◆ Your assignment ◆
What follows is a listing; repeat exactly, and only, its lines from the one holding "Meilleure programmation festival" through the last, leaving any pictures out.

◆ Dataset extract ◆
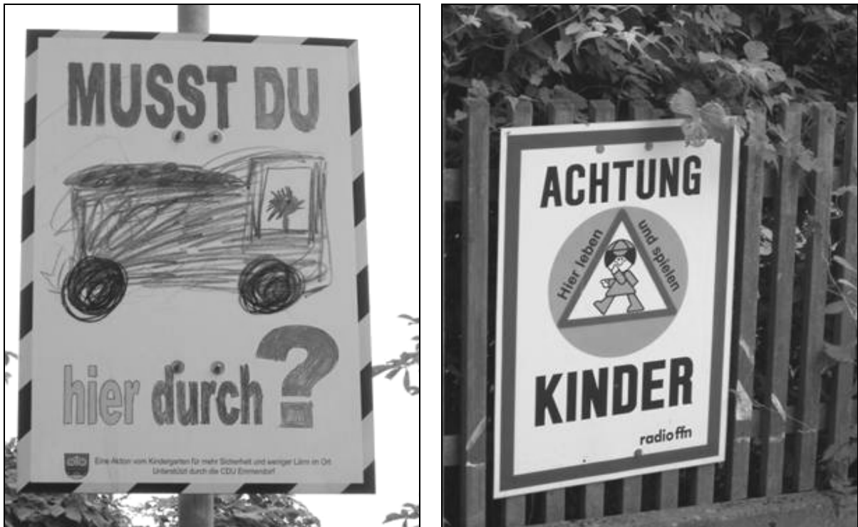
Fot. 1. Edukacyjne plakaty i znaki przy drogach w Emmendorf (Niemcy). Photo 1. Education posters and signs near roads in Emmendorf (Germany).

Ponadto szczególne znaczenie ma edukacja społeczeństwa na poziomie szkolnym i pozaszkolnym oraz różnych grup wiekowych w zakresie bezpieczeństwa na drodze. Propagowane są również projekty i akcje wspomagające działania edukacyjne (fot. 1).
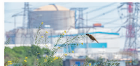
2022年举办中国核电首届“核谱之美”生物多样性保护实践摄影大赛，征集到高品质照片500多幅
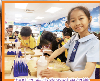
趣味活動中學習科學知識
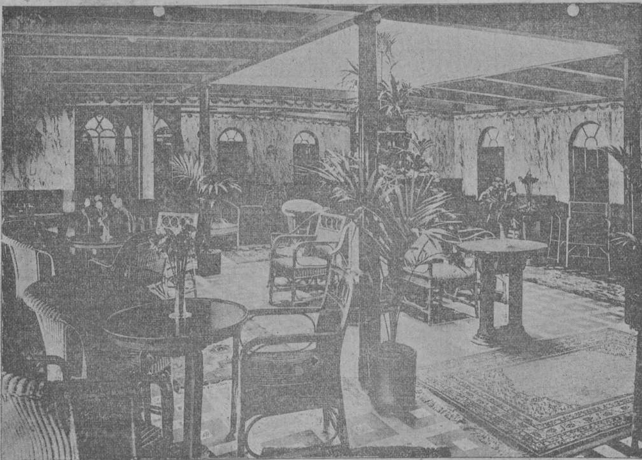
UN INTERIOR DEL TRASATLANTICO «TOLEDO».

Esta noche, a las siete y cuarto, en el salón de la Residencia de Padres Jesuitas, dará el Padre Jambrina una conferencia apologética, sobre el tema interesantísimo y capital de la «Verdad histórica de los milagros de Jesucristo», o, en otros términos, «Los milagros de Jesucristo ante la crítica moderna».
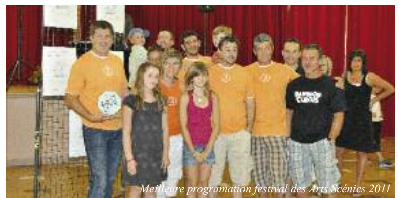
Meilleure programmation festival des Arts Scénics 2011
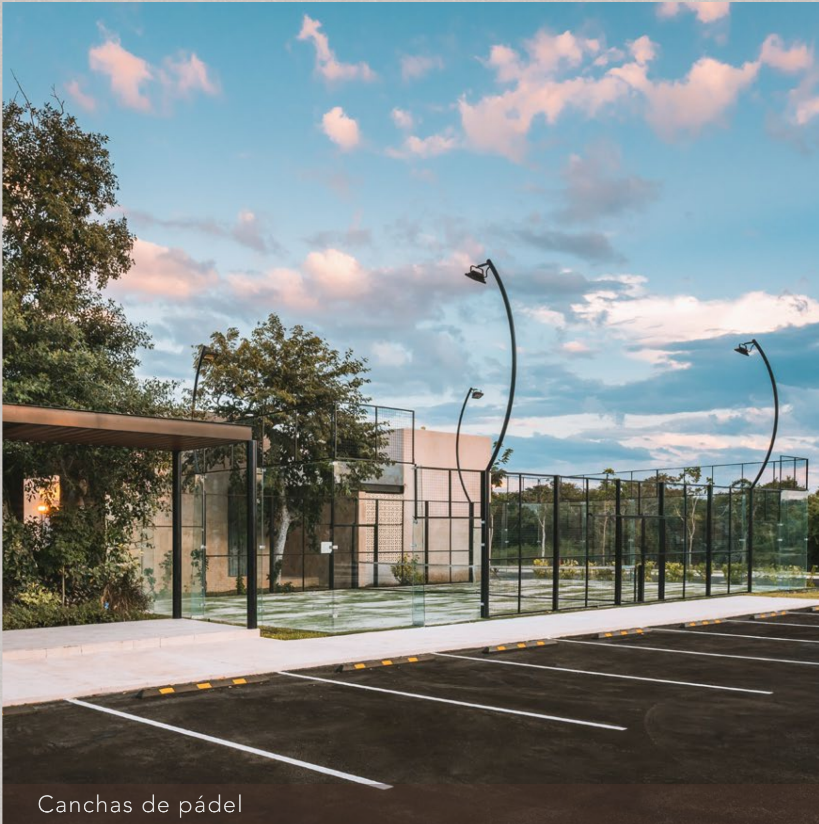
Canchas de pádel
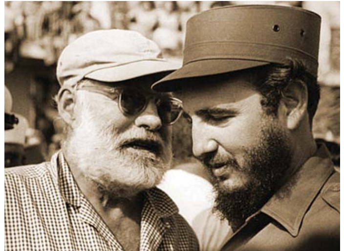
HEMINGWAY FIDEL CASTRÓVAL

Akárhogyan is volt, emlékezni fogunk az öreg halász történetére, aki napokon át küzd egy nagy halért. A harmadik napon sikerül elejteni a zsákmányt, és megindul a hazafelé fújó passzát szél is. Ám jönnek a cápák, s bár közülük hősies küzdelemben, minden erőtartalékának mozgósításával többet megöl az öreg, végül is a hajóhoz kötözött pusztá csontvázzal tér haza, önmaga meg szinte élőhalott már. Az első cápa megölése után mondja ki az öreg halász a mű szállóigévé vált gondolatát: „De hát az ember nem arra született, hogy legyőzzék – mondta. Az embert el lehet pusztítani, de nem lehet legyőzni.”
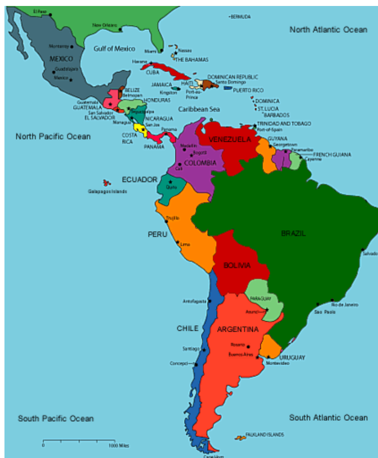
Obrázek 3.1. Latinská Amerika
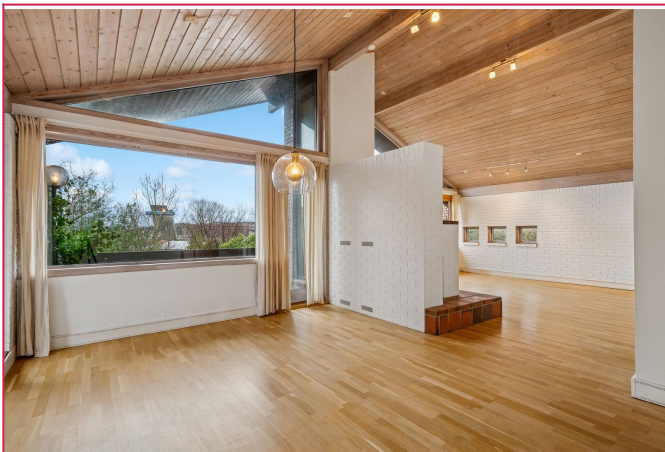
Romslig spise- og stue med utgang til terrasse

◆ Response area ◆
Meilleure programmation festival des Arts Scénics 2011
Canchas de pádel
HEMINGWAY FIDEL CASTRÓVAL

Akárhogyan is volt, emlékezni fogunk az öreg halász történetére, aki napokon át küzd egy nagy halért. A harmadik napon sikerül elejteni a zsákmányt, és megindul a hazafelé fújó passzát szél is. Ám jönnek a cápák, s bár közülük hősies küzdelemben, minden erőtartalékának mozgósításával többet megöl az öreg, végül is a hajóhoz kötözött pusztá csontvázzal tér haza, önmaga meg szinte élőhalott már. Az első cápa megölése után mondja ki az öreg halász a mű szállóigévé vált gondolatát: „De hát az ember nem arra született, hogy legyőzzék – mondta. Az embert el lehet pusztítani, de nem lehet legyőzni.”
Obrázek 3.1. Latinská Amerika
Romslig spise- og stue med utgang til terrasse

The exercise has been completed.